* [Exercise]:
Output, word for word, each line from the one with "VERSATILE POP-OVER PERFECTION." through the end of the listing below, excluding every picture.

==============================

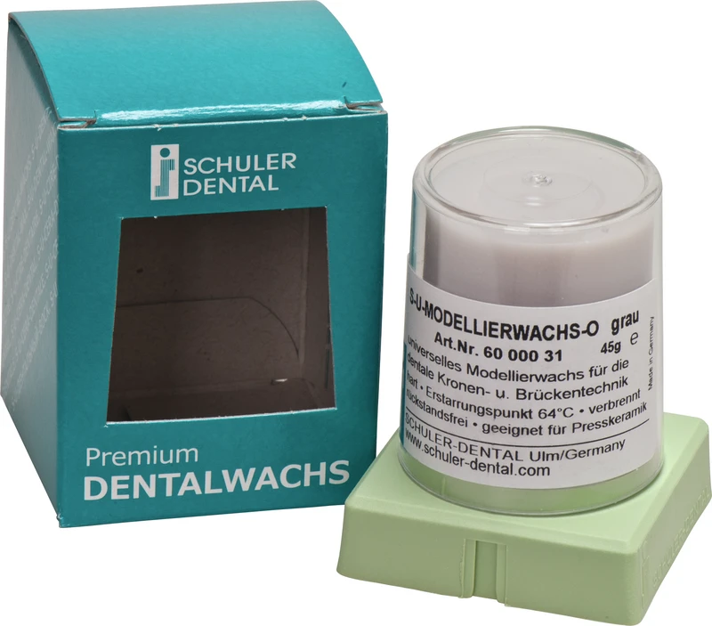 Für die Kauflächengestaltung, zum Ausmodellieren von Kronenwandungen und Aufbauen von Brückengliedern für Kunstoff- und Keramikverblendungen. Das S-U-MODELLIERWACHS-O, grau ist rein organisch, verbrennt rückstandslos, und ist daher auch für die Vollkeramik geeignet. Das S-U-MODELLIERWACHS-A, grau dagegen ist leicht opak und hat ebenfalls hervorragende Modelliereigenschaften.
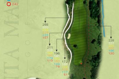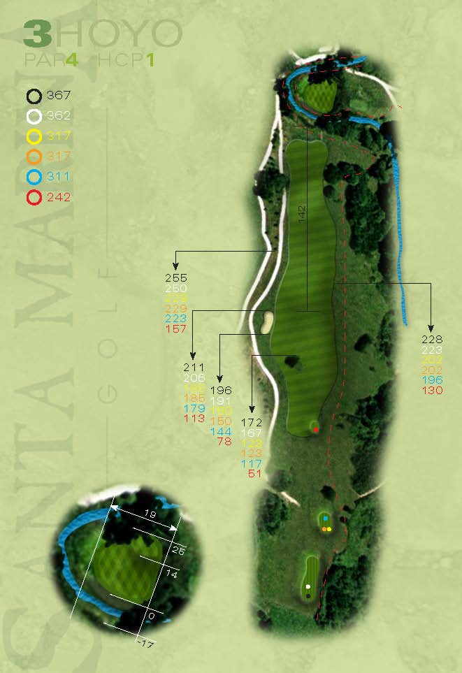 Par 4 cuesta abajo. La línea de juego desde el tee es justo por encima del árbol situado en la calle. La gran dificultad del hoyo reside en el espectacular tiro al green, el cual está protegido por un arroyo que lo bordea por la parte frontal, izquierda y posterior. Los frondosos árboles y arbustos que rodean al green dan la sensación de no tener margen de error.
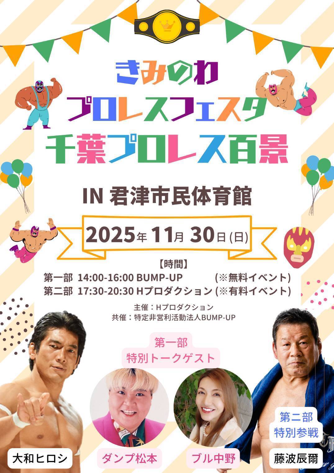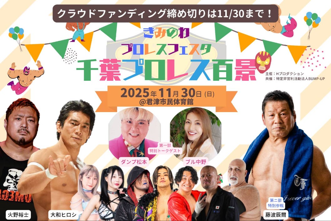特定非営利活動法人「BUMP-UP」と大和ヒロシ(君津市議会議員/プロレスラー)が、2025年11月30日(日)、君津市民体育館で「児童虐待防止・いじめ撲滅」をテーマにしたチャリティイベントを開催します。
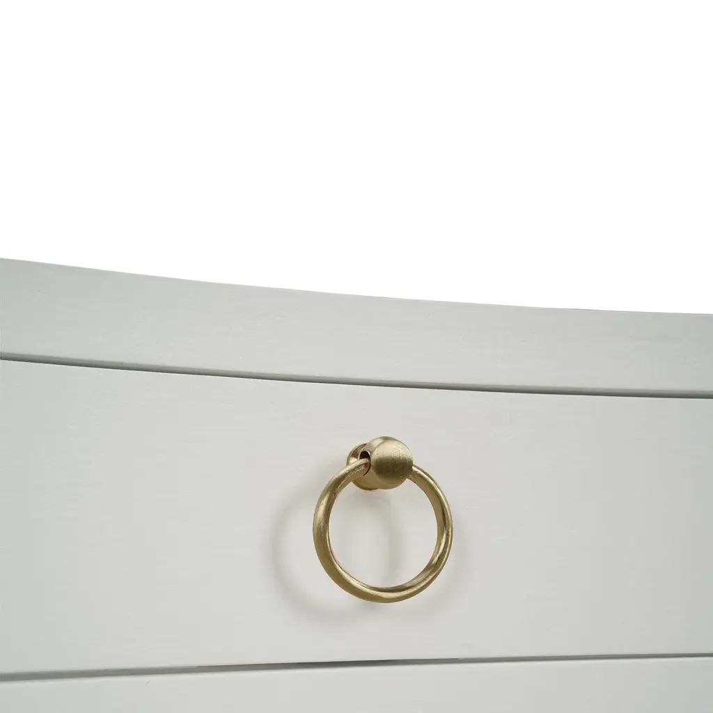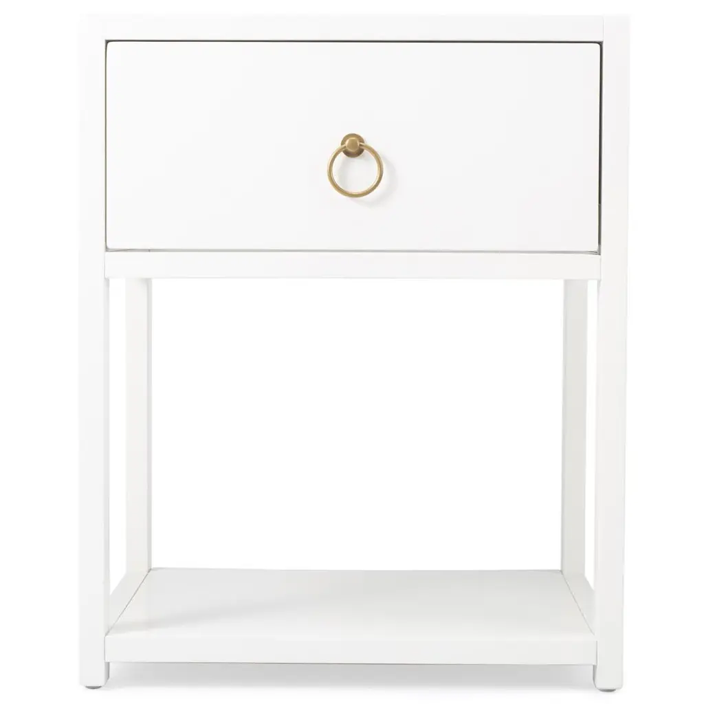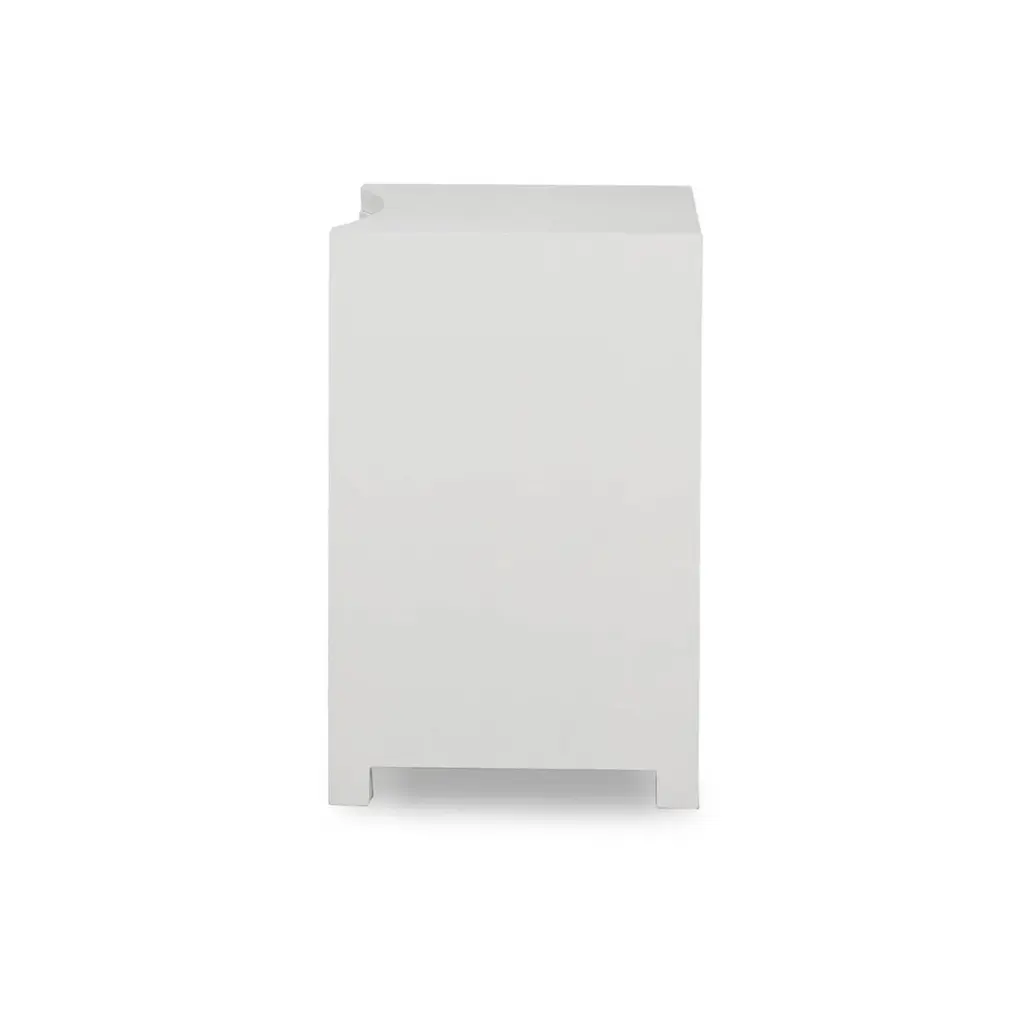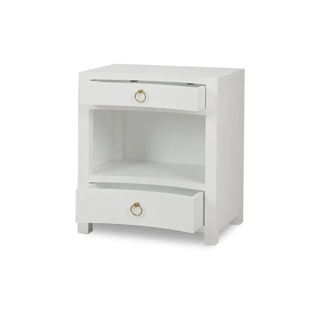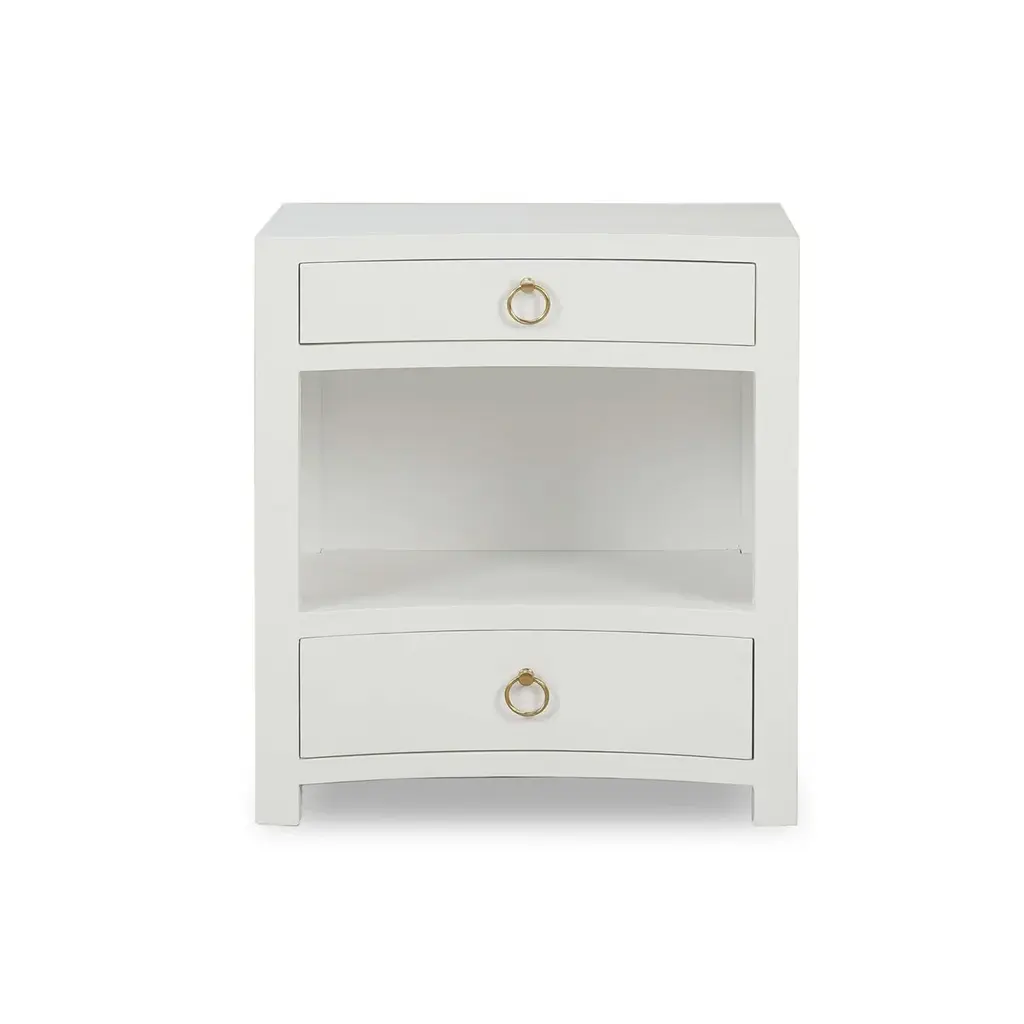 This elegant piece features a sleek, minimalist design wrapped in true white linen, exuding a calm and serene aesthetic. The subtle texture of the linen finish enhances its modern appeal, while the two drawers provide ample storage for your bedside essentials. Adorned with chic gold ring pulls, this bedside table effortlessly combines functionality with refined elegance, making it a standout piece in any room. Dimensions: 25" W x 18" D x 28" H
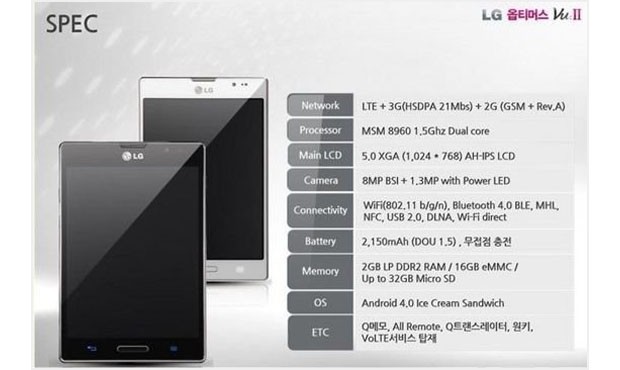 Если верить приведённому слайду, Optimus Vu II будет отличаться 1,5-ГГц двухъядерным процессором Qualcomm Snapdragon S4 MSM8960 (вместо NVIDIA Tegra 3 у предшественника), двумя гигабайтами памяти LPDDR2 (1 Гбайт у Optimus Vu), мощным аккумулятором ёмкостью 2150 мАч, а также поддержкой LTE. Среди других характеристик отметим 5-дюймовый дисплей с разрешением 1024 х 768 пикселей, 8-Мп тыльную и 1,3-Мп фронтальную камеры, операционную систему Android 4.0.
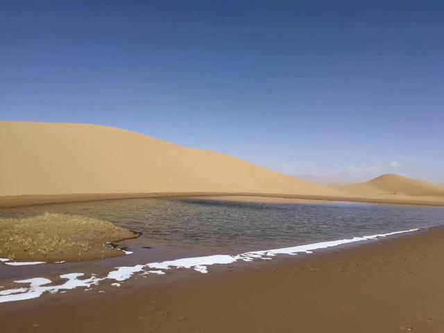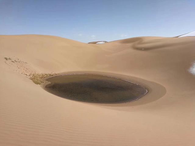 沙子泉是茫茫沙漠中一汪碧蓝的清泉,泉水从沙山脚下喷涌而出,泉口直径达200米。与周边荒凉的黄沙环境不同,泉水四周绿意盎然,水草生机勃勃,堪称库木库里沙漠的奇景,同时也是野生动物的天然饮水地。下午3点左右,我和“好人”回到营地,吃了几口队友们煮的面条,一股舒适感贯彻全身。
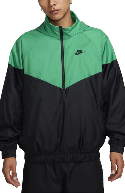 VERSATILE POP-OVER PERFECTION. This track-inspired anorak is your next "wear anywhere, do anything" jacket. The packable hood folds under the collar to keep it concealed when you don't need it. An oversized fit gives you plenty of space to layer up during cooler temps or wear it with a tee for a breezy feel when the weather warms. Classic stitched chevron angle on the chest nods to the Windrunner, our iconic track jacket. Lightweight, Dry Finish: Soft woven fabric is lightweight, water-repellant and feels silky smooth on your skin. Versatile Design: 1/2-zip design lets you pop it on and off and change up your style with ease. Ready to Move: Elastic hem and cuffs help hold the jacket in place when you move. Product Details: 1/2-zip design. Front welt pockets. Embroidered Futura logo on left chest. Elastic cuffs and hem. Body: 100% nylon. Mesh: 100% polyester. Machine wash. Imported. Style: DQ4910; Color: Stadium Green/Black/Black; Size: L; Gender: Male; Age Group: Adult | Nike Sportswear Windrunner Men's Unlined Woven Anorak in Green, Size: Large | DQ4910-324
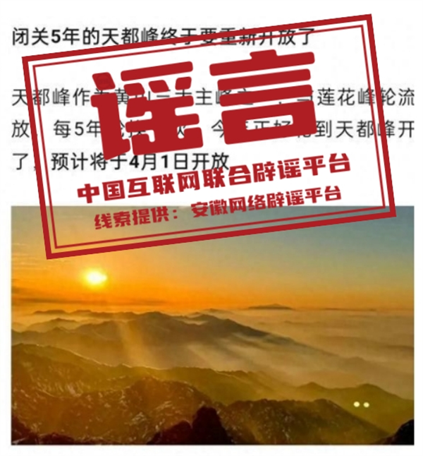 謠言:黃山天都峰4月1日結(jié)束輪休對(duì)外開放?
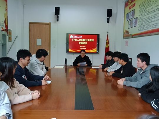 10月29日,学生第一党支部组织第67期入党积极分子开展专题研讨,研讨主题为学习习近平新时代中国特色社会主义思想和党的二十届三中、四中全会精神,结合党史知识、先锋模范人物事迹以及新时代青年的使命与担当。学生第一党支部的第67期入党积极分子培训班全体学员参加研讨,会议由学生第一党支部书记徐伟主持。
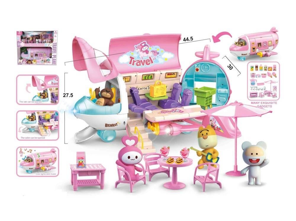 Misiowa rodzinka na samolocie. Dodatkowe akcesoria: 2 krzesła, 2 stoliki, parasol, zestaw artykułów spożywczych, zestaw naczyń. Produkt nie potrzebuje baterii. Zabawka przeznaczona dla dzieci powyżej 3 roku życia. prečítať celé
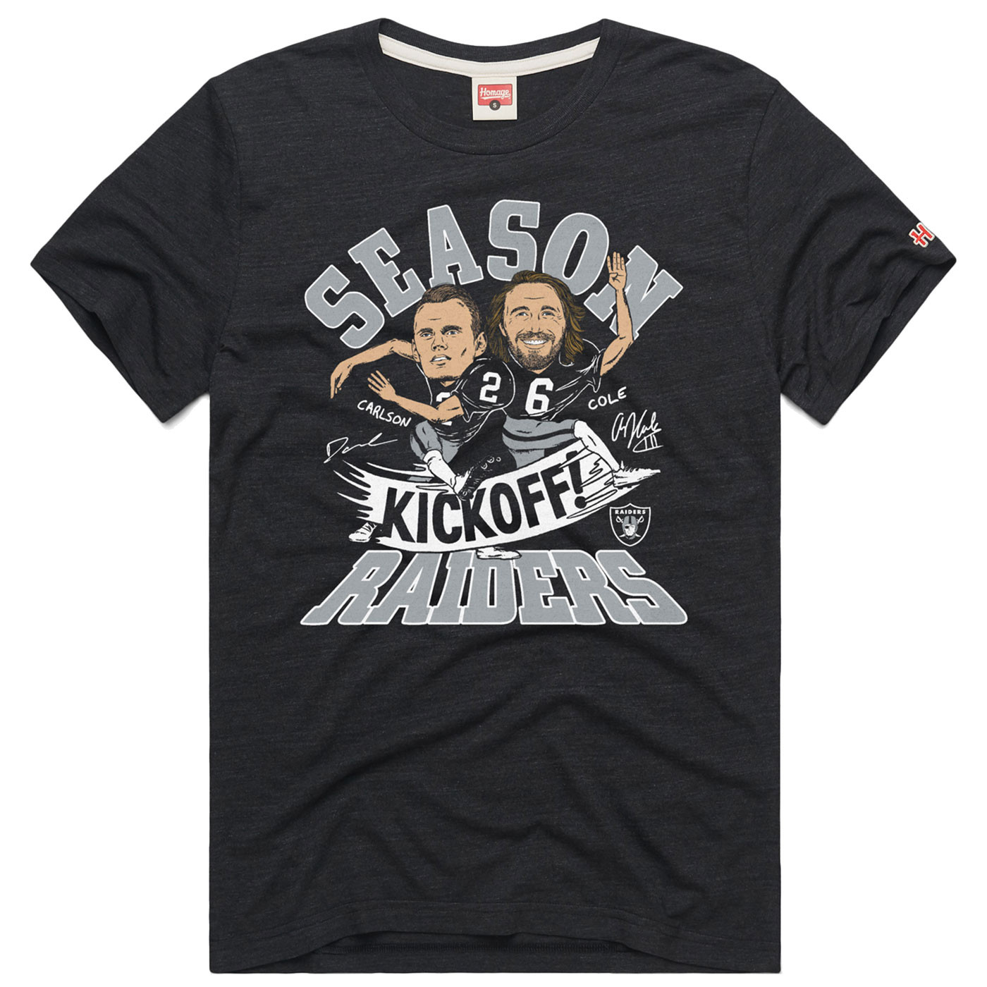 Celebrate Special Teams with the Homage Carlson and Cole Season Kick Off Tee. This heathered unisex tee has a relaxed fit with a hand-drawn kicking and punting graphic featuring Daniel Carlson and AJ Cole, their personal signatures and a team shield logo printed across the body. 50% polyester, 25% cotton, 25% rayon.

==============================

* [Answer space]:
 VERSATILE POP-OVER PERFECTION. This track-inspired anorak is your next "wear anywhere, do anything" jacket. The packable hood folds under the collar to keep it concealed when you don't need it. An oversized fit gives you plenty of space to layer up during cooler temps or wear it with a tee for a breezy feel when the weather warms. Classic stitched chevron angle on the chest nods to the Windrunner, our iconic track jacket. Lightweight, Dry Finish: Soft woven fabric is lightweight, water-repellant and feels silky smooth on your skin. Versatile Design: 1/2-zip design lets you pop it on and off and change up your style with ease. Ready to Move: Elastic hem and cuffs help hold the jacket in place when you move. Product Details: 1/2-zip design. Front welt pockets. Embroidered Futura logo on left chest. Elastic cuffs and hem. Body: 100% nylon. Mesh: 100% polyester. Machine wash. Imported. Style: DQ4910; Color: Stadium Green/Black/Black; Size: L; Gender: Male; Age Group: Adult | Nike Sportswear Windrunner Men's Unlined Woven Anorak in Green, Size: Large | DQ4910-324
 謠言:黃山天都峰4月1日結(jié)束輪休對(duì)外開放?
 10月29日,学生第一党支部组织第67期入党积极分子开展专题研讨,研讨主题为学习习近平新时代中国特色社会主义思想和党的二十届三中、四中全会精神,结合党史知识、先锋模范人物事迹以及新时代青年的使命与担当。学生第一党支部的第67期入党积极分子培训班全体学员参加研讨,会议由学生第一党支部书记徐伟主持。
 Misiowa rodzinka na samolocie. Dodatkowe akcesoria: 2 krzesła, 2 stoliki, parasol, zestaw artykułów spożywczych, zestaw naczyń. Produkt nie potrzebuje baterii. Zabawka przeznaczona dla dzieci powyżej 3 roku życia. prečítať celé
 Celebrate Special Teams with the Homage Carlson and Cole Season Kick Off Tee. This heathered unisex tee has a relaxed fit with a hand-drawn kicking and punting graphic featuring Daniel Carlson and AJ Cole, their personal signatures and a team shield logo printed across the body. 50% polyester, 25% cotton, 25% rayon.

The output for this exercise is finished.